┌─ Available data
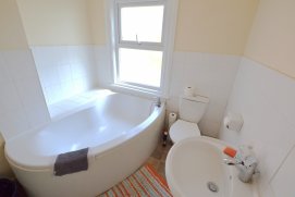 Window to garden. Corner bath. Wash hand basin. Low level flush w.c . Tiled floor.
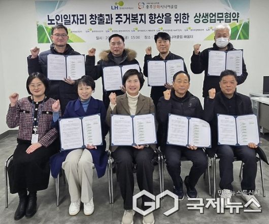 (충주=국제뉴스) 김상민 기자 = 충북 충주문화시니어클럽(관장 박보경)은 주택관리공단이 관리하는 LH임대아파트 7개 단지와 함께 12일 지역사회 발전과 노인복지 증진을 위한 업무협약(MOU)을 체결했다.
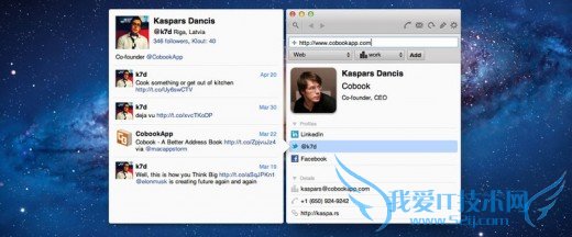 这只是刚开始而已,它能做的可不止这么一点。将它与你的 Facebook、LinkedIn 或 Twitter 账号关联,它就能导入社交网络里的联系人。如果发现与现有联系人相关的数据,将会被自动添加到已有联系人中。例如,如果向某个已有的联系人中添加一个 Twitter 账号,那么 Cobook 会自动将该账号简介中的链接添加到此联系人中。这实在是太方便了。
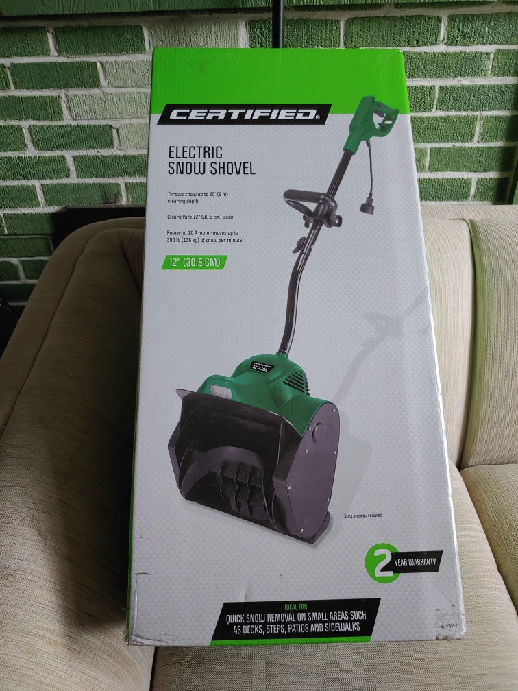 Brand New Sealed in Original Box 10-amp corded electric snow shovel. 12 inches wide. Ideal for quick snow removal on areas, such as decks, steps, patios, sidewalks and driveways.
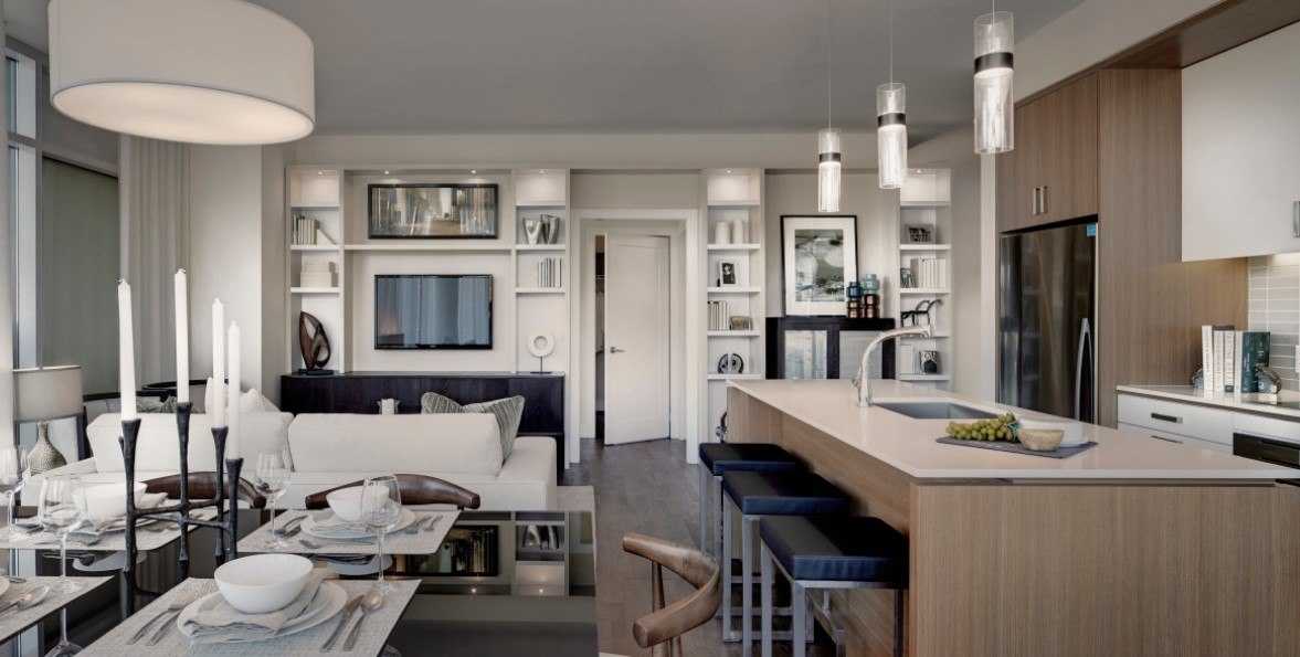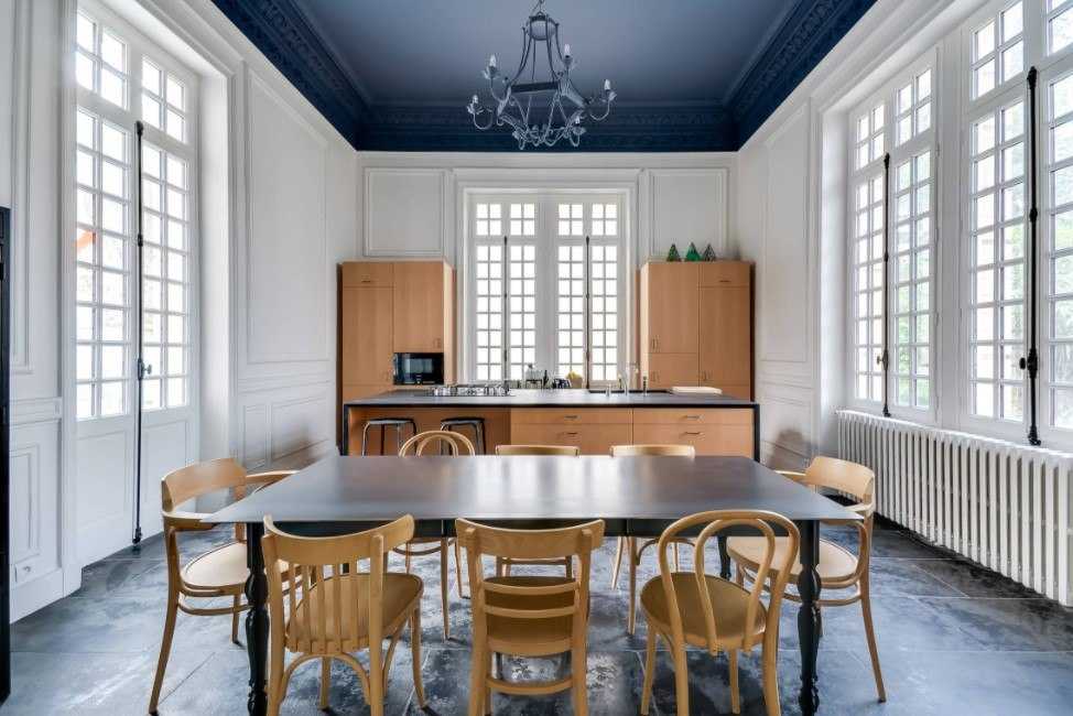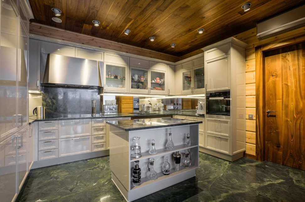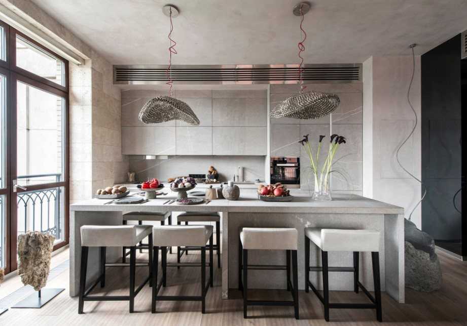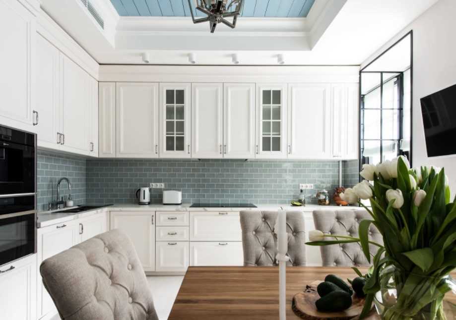 Парящая линия на потолке в интерьере кухни выглядит стильно
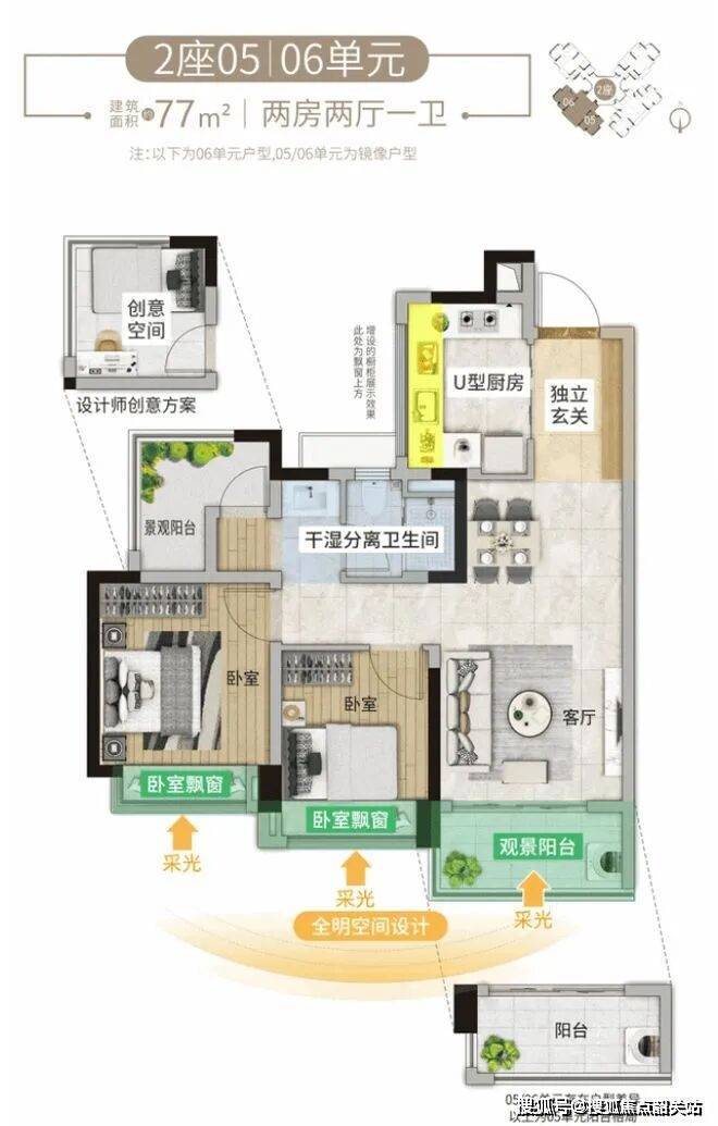 77㎡三房两卫:紧凑高效,三开间朝南,主卧带独立卫浴,适合年轻夫妻或首次置业者;
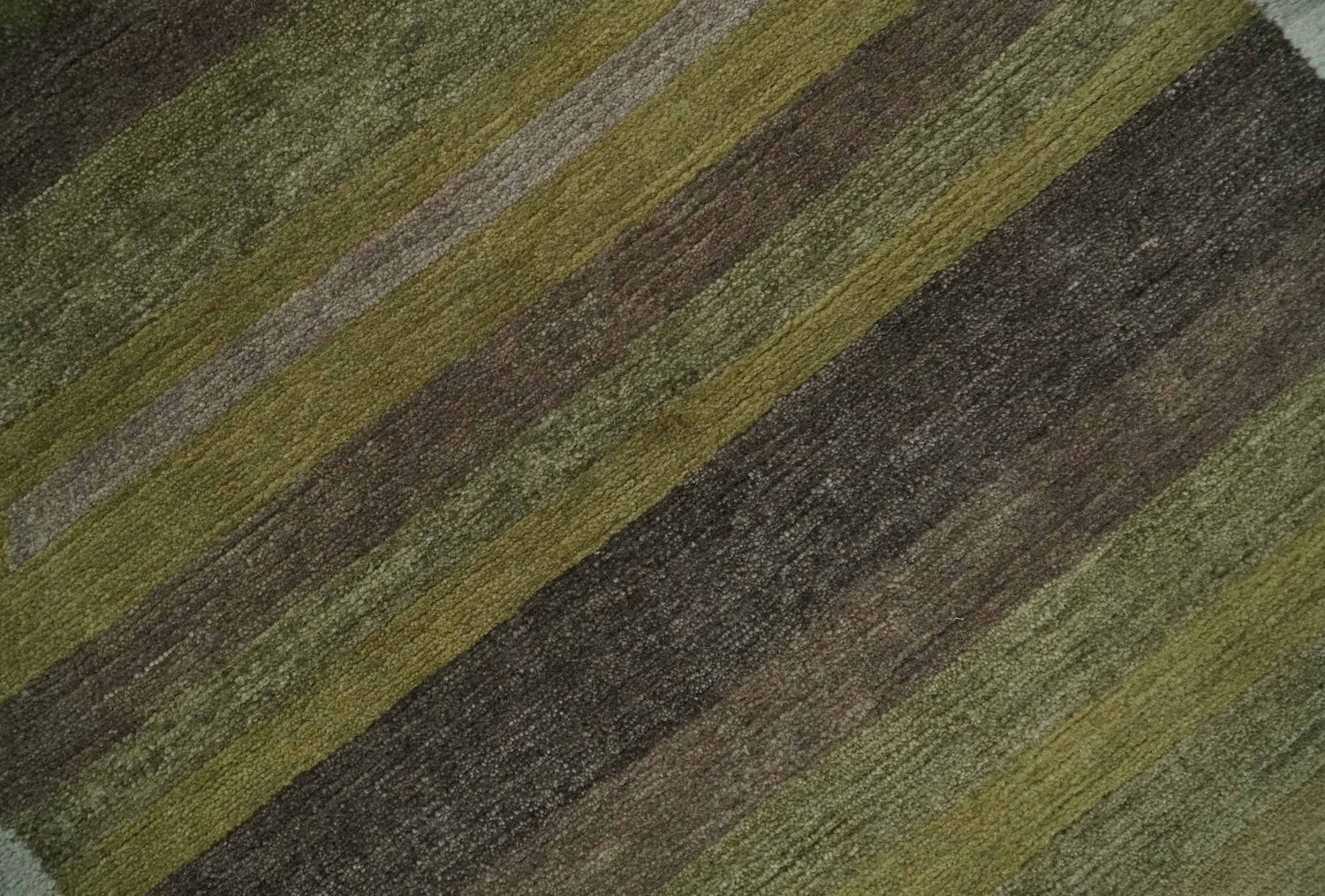 Modern Stripes Design Olive, Charcoal, Ivory and Gray Hand loom 5x7 wool Area Rug
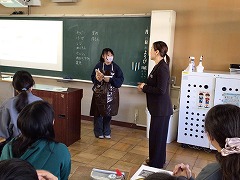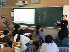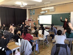 今日は、キャリア学習の様子を紹介します。社会型体験研修で年間を通して百貨店で働いている先生に、お店で働く人たちについて教えていただきました。
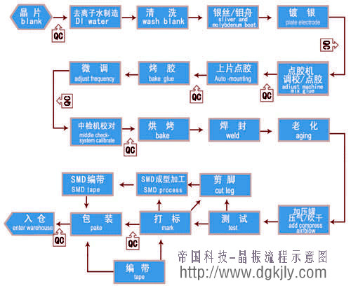 選取晶棒-AT/BT切割-晶片研磨-倒角-清洗腐蝕晶片雜質-鍍電-點膠-微調-真空封焊-老化-激光打標-測試-包裝-出售.
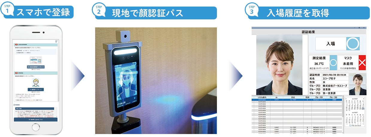 建設現場やイベント会場といった多くの人が出入りする環境でも行列をつくらずにスピーディかつ正確な顔認証を行います。
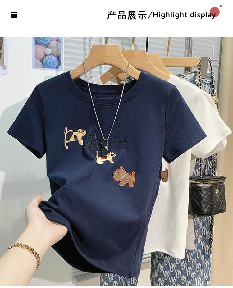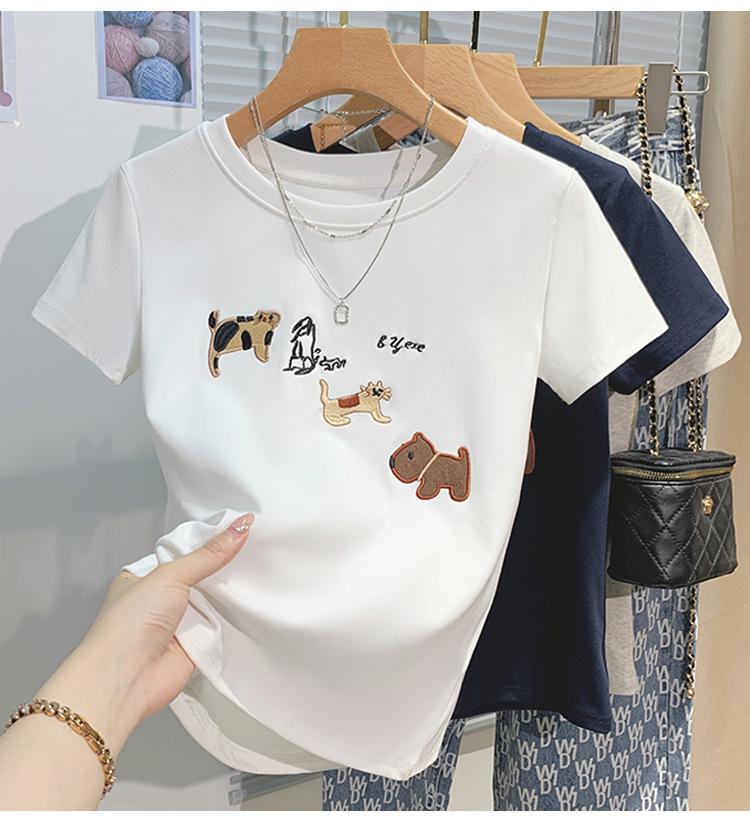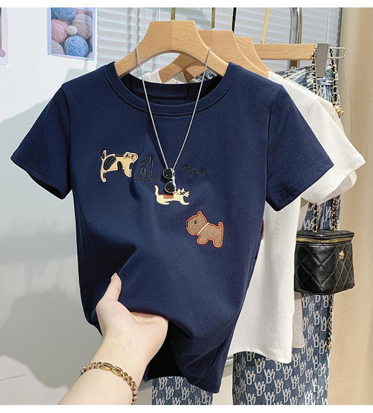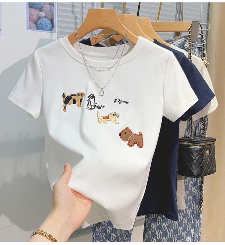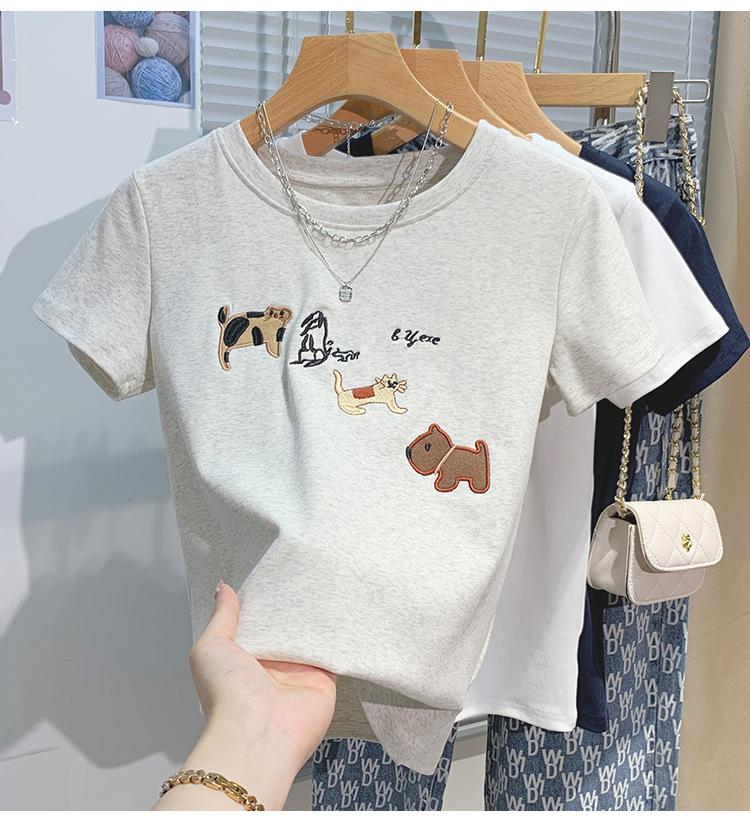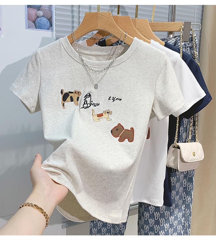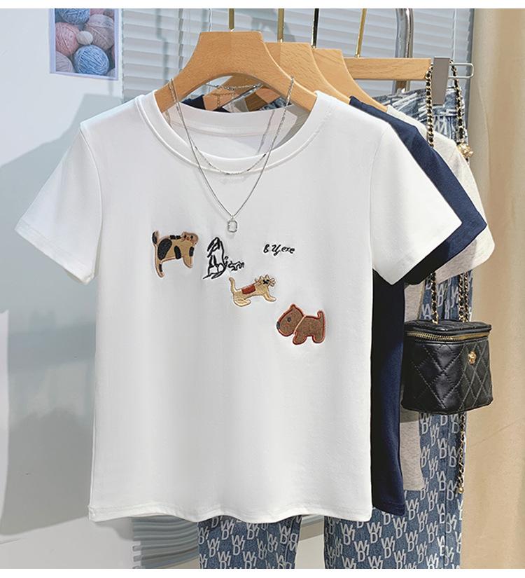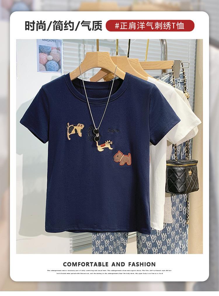 Compre Nova camiseta feminina de manga curta 2025, verão, resistente, bordada, estilo coreano, ombro de estudante, camiseta da moda no atacado no Joom.pro
└─
• _Task details_:
Nothing but the lines from the beginning of the material above through the line containing "建設現場やイベント会場といっ" should appear in the answer, copied exactly and free of pictures.

• _Completed exercise_:
 Window to garden. Corner bath. Wash hand basin. Low level flush w.c . Tiled floor.
 (충주=국제뉴스) 김상민 기자 = 충북 충주문화시니어클럽(관장 박보경)은 주택관리공단이 관리하는 LH임대아파트 7개 단지와 함께 12일 지역사회 발전과 노인복지 증진을 위한 업무협약(MOU)을 체결했다.
 这只是刚开始而已,它能做的可不止这么一点。将它与你的 Facebook、LinkedIn 或 Twitter 账号关联,它就能导入社交网络里的联系人。如果发现与现有联系人相关的数据,将会被自动添加到已有联系人中。例如,如果向某个已有的联系人中添加一个 Twitter 账号,那么 Cobook 会自动将该账号简介中的链接添加到此联系人中。这实在是太方便了。
 Brand New Sealed in Original Box 10-amp corded electric snow shovel. 12 inches wide. Ideal for quick snow removal on areas, such as decks, steps, patios, sidewalks and driveways.
 Парящая линия на потолке в интерьере кухни выглядит стильно
 77㎡三房两卫:紧凑高效,三开间朝南,主卧带独立卫浴,适合年轻夫妻或首次置业者;
 Modern Stripes Design Olive, Charcoal, Ivory and Gray Hand loom 5x7 wool Area Rug
 今日は、キャリア学習の様子を紹介します。社会型体験研修で年間を通して百貨店で働いている先生に、お店で働く人たちについて教えていただきました。
 選取晶棒-AT/BT切割-晶片研磨-倒角-清洗腐蝕晶片雜質-鍍電-點膠-微調-真空封焊-老化-激光打標-測試-包裝-出售.
 建設現場やイベント会場といった多くの人が出入りする環境でも行列をつくらずにスピーディかつ正確な顔認証を行います。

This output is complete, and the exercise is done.